What this task involves: Quote exactly the lines from the one with "iPhoneをiOS13.7" to the end of the data, both included; omit the pictures.

Supplied material:
▼

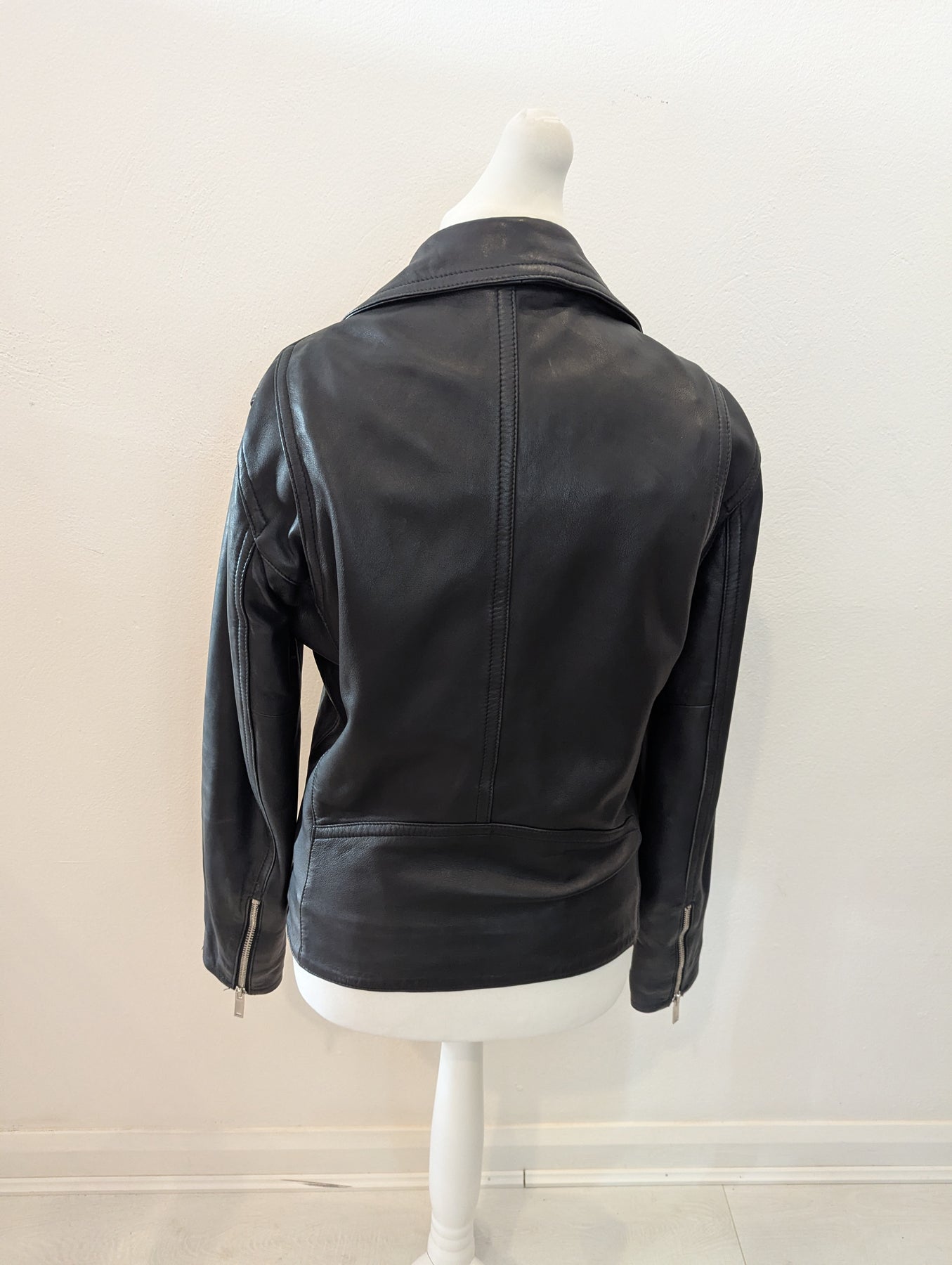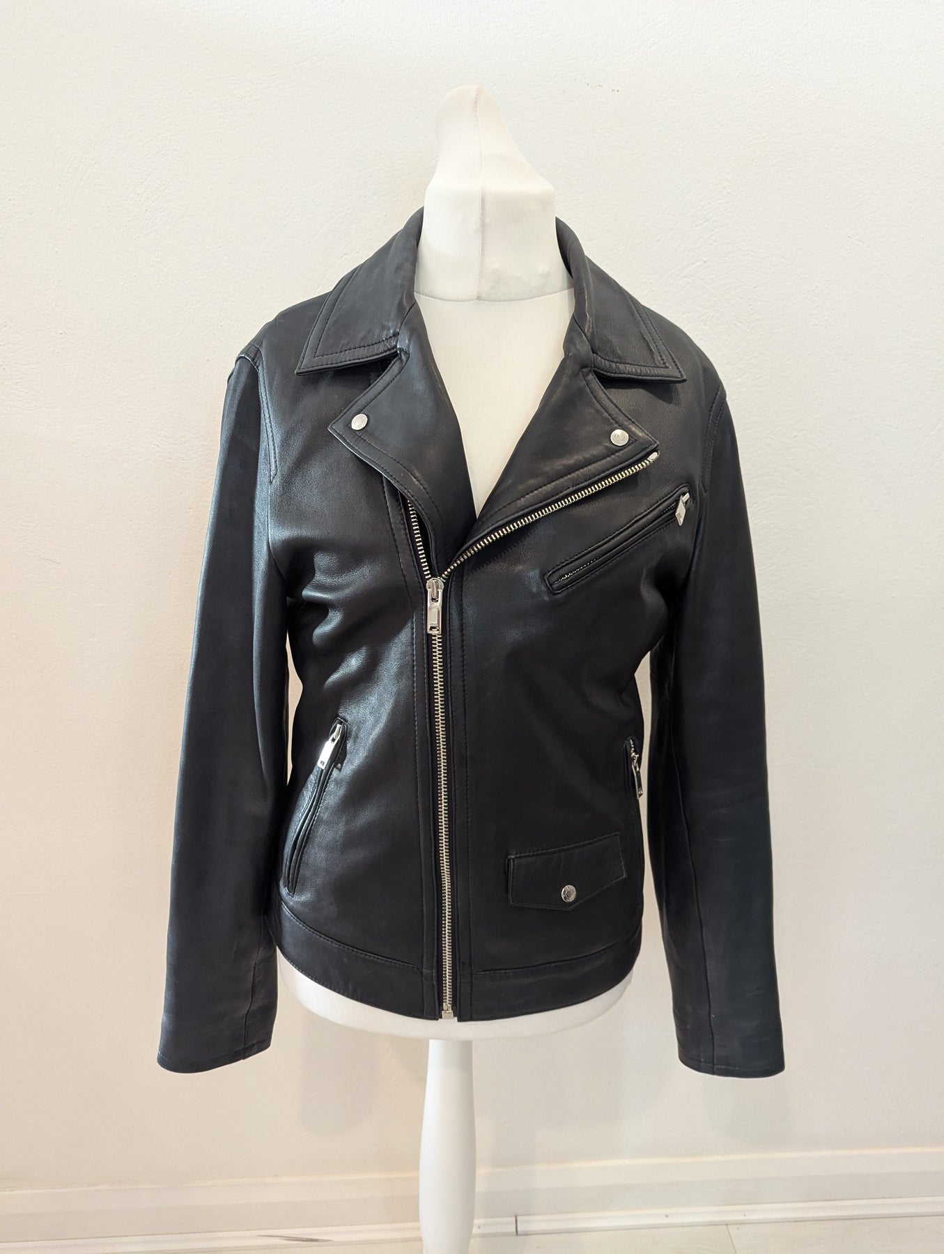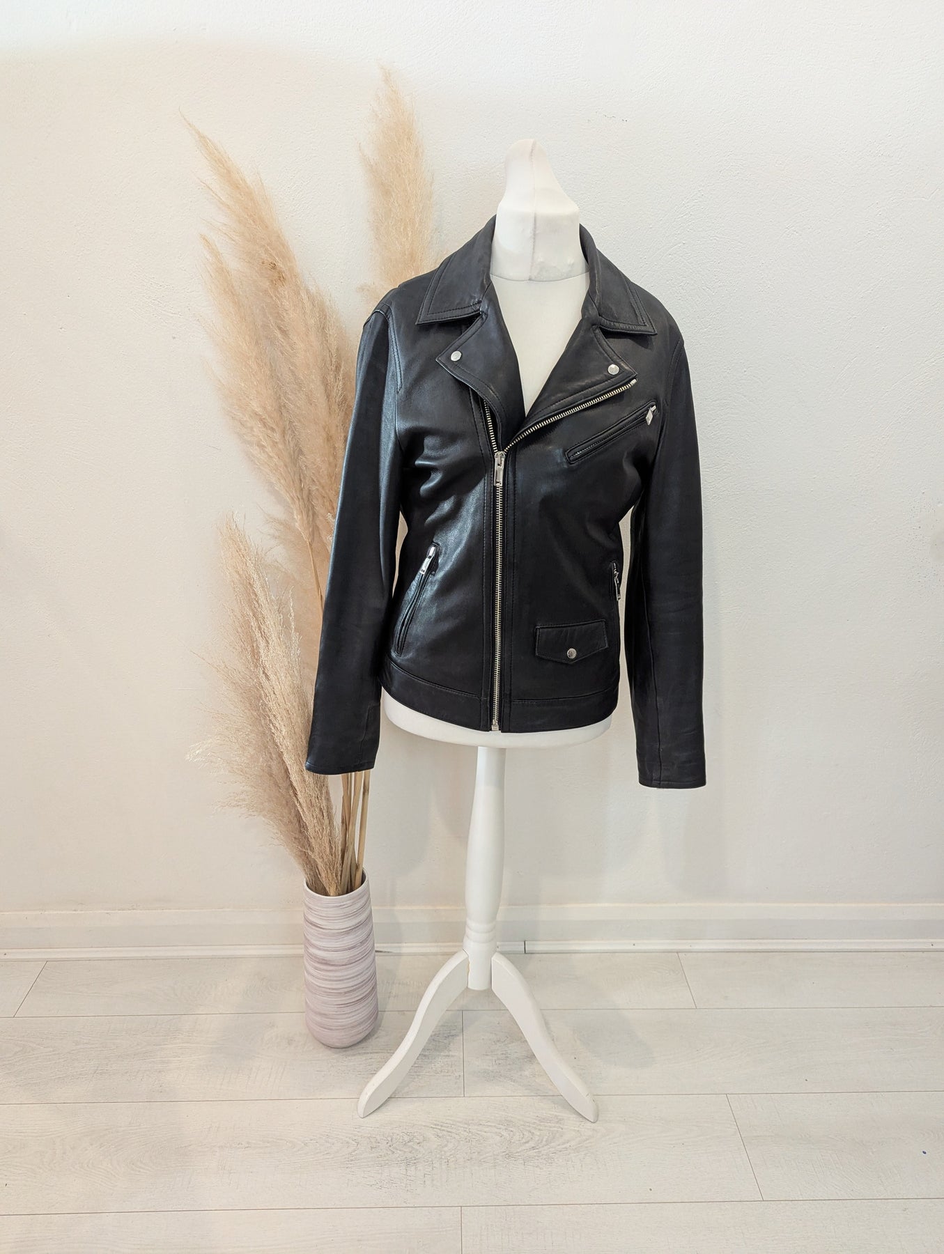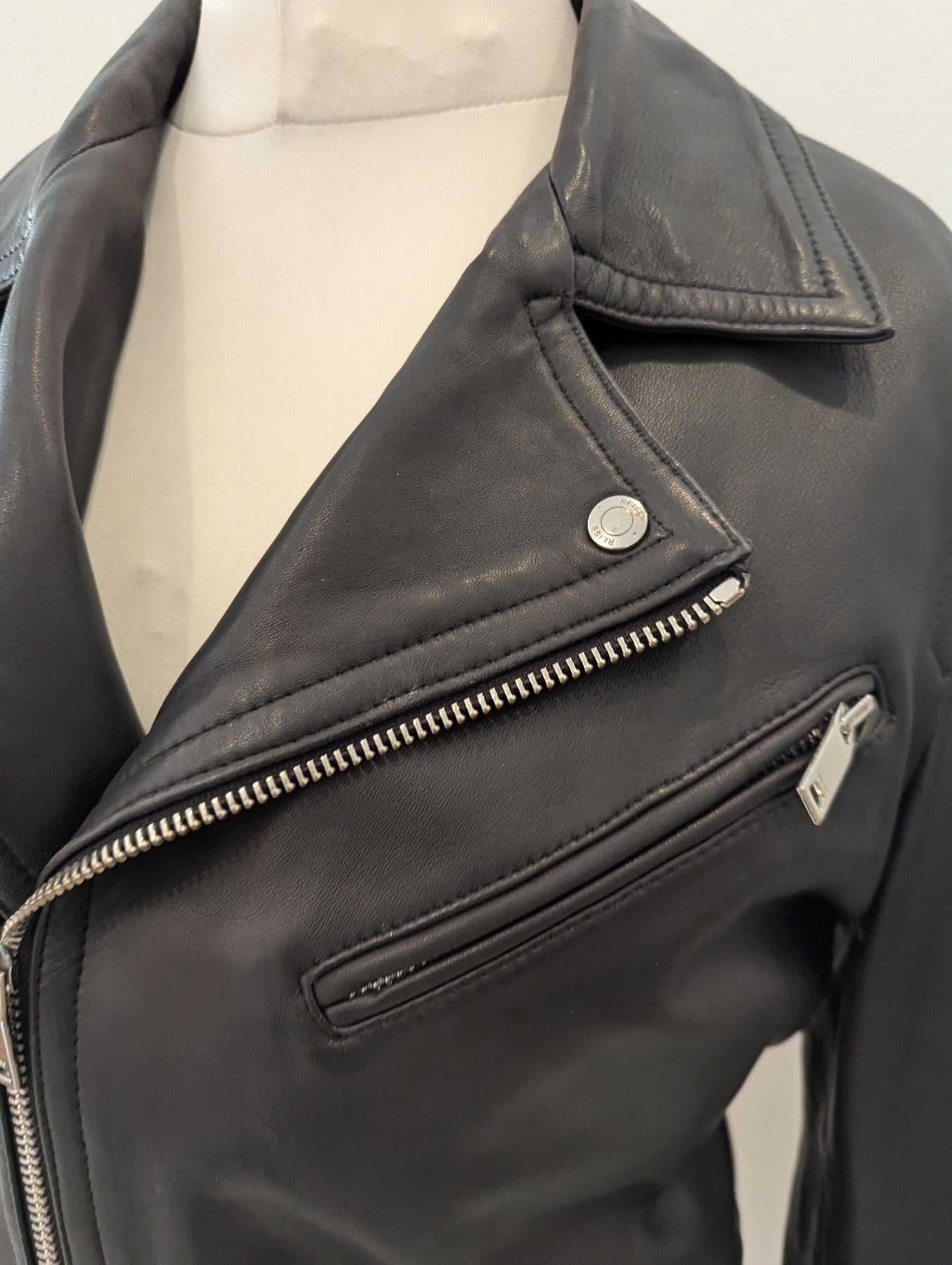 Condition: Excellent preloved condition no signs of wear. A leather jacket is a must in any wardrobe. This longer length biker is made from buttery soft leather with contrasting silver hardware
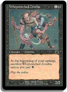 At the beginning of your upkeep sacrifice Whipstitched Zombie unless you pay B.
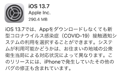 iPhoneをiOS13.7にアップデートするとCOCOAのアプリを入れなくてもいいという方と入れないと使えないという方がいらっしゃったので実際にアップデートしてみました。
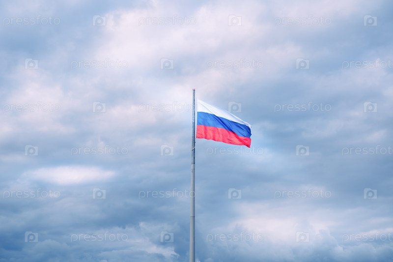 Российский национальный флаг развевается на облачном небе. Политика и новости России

▲

Exercise output:
 iPhoneをiOS13.7にアップデートするとCOCOAのアプリを入れなくてもいいという方と入れないと使えないという方がいらっしゃったので実際にアップデートしてみました。
 Российский национальный флаг развевается на облачном небе. Политика и новости России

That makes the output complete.